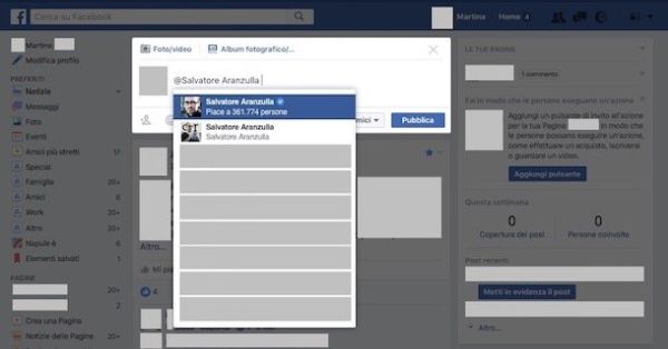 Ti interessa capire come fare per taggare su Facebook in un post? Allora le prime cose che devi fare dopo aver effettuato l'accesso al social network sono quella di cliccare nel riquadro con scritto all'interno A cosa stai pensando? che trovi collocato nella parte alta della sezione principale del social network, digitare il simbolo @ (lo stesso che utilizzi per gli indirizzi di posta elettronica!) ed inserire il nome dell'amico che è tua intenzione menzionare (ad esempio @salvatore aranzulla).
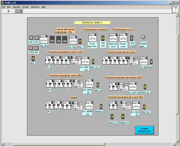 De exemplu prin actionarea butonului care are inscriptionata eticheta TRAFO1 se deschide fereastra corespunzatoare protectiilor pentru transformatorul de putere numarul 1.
---
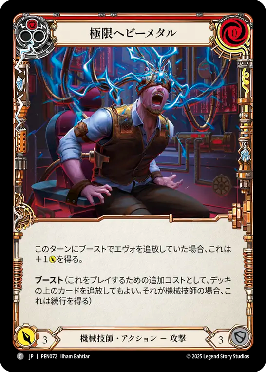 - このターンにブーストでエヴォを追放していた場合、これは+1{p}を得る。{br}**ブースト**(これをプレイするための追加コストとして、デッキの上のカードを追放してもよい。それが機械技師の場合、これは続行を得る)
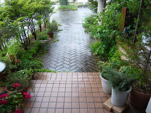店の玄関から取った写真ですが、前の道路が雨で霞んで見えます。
...
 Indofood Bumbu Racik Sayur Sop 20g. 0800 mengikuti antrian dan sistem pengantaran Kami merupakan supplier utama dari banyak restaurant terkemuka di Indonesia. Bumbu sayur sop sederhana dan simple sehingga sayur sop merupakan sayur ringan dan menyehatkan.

• Exercise details: Would you transcribe the lines above exactly, going from the line bearing "Ti interessa capire" through the line bearing "De exemplu prin", and drop the pictures from the copy?

• Solution to this task:
 Ti interessa capire come fare per taggare su Facebook in un post? Allora le prime cose che devi fare dopo aver effettuato l'accesso al social network sono quella di cliccare nel riquadro con scritto all'interno A cosa stai pensando? che trovi collocato nella parte alta della sezione principale del social network, digitare il simbolo @ (lo stesso che utilizzi per gli indirizzi di posta elettronica!) ed inserire il nome dell'amico che è tua intenzione menzionare (ad esempio @salvatore aranzulla).
 De exemplu prin actionarea butonului care are inscriptionata eticheta TRAFO1 se deschide fereastra corespunzatoare protectiilor pentru transformatorul de putere numarul 1.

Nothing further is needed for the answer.